His uncle, Mr. Peter Fairbairn, was then commissioner for Lord Seaforth, and lived near Braban Castle; thus he was introduced to, and became acquainted with, the Seaforth family, whom he often visited as a much-esteemed and valued friend in after-life.

It was here, at the parish school of Munlochy, that he received the principal part of his early schooling-limited, indeed, but sufficient to form the groundwork on which he afterwards built up a large amount of valuable knowledge by diligent self-culture; forming one of the many instances in which men, who have subsequently risen to distinction, have owed their early training to the Scotch parochial school system.

It was here, also, that his love of mechanics was early manifested, for Fairbairn was no exception to the rule that bids one look for infantile traits of the talents that give a man distinction. When a child, his favourite playthings were a knife, a gimlet, and a saw, with which he made tiny boats and ships without number, and water-mills and windmills by the dozen. One of his achievements was the construction of a wagon, in which he was able to wheel about a little brother who was too weak to walk. This brother, fifty years later, was the Mayor of Leeds, the late Sir Peter Fairbairn.

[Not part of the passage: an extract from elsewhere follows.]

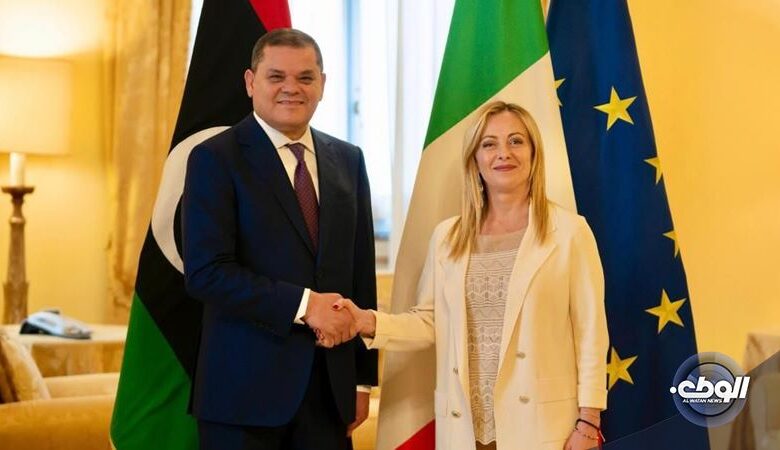 بحث رئيس الحكومة المنتهية عبد الحميد الدبيبة مع رئسية وزراء إيطاليا “جورجيا ميلوني“ سبل توطيد العلاقات بين البلدين بما يضمناستفادة ليبيا في مجالات الطاقة و البنية التحتية و الاتصالات، وتعزيز حالة الانتعاش الاقتصادي والخدمي.

The family removed from Ross-shire to Newcastle-on-Tyne when young Fairbairn was about fourteen or fifteen years of age, his father having been appointed manager of the Percy Main Colliery.

Previous to joining his family young Fairbairn had the advantage of some additional education with his uncle, who was parish schoolmaster at Galashiels, from whom he learnt book-keeping and land-surveying. At this time, in an early attempt to earn his own livelihood, he received an injury to one of his legs, which laid him up for several months. This period of confinement was, however, not lost, for the enforced leisure gave him the opportunity of much profitable reflection and useful study. But his best instructor in early life had been his mother, a woman of sincere piety, who, by example as well as by precept, opened the minds and hearts of her children, and whose character was of that quality which one is accustomed to hear of in the mothers of men so sterling and so remarkable.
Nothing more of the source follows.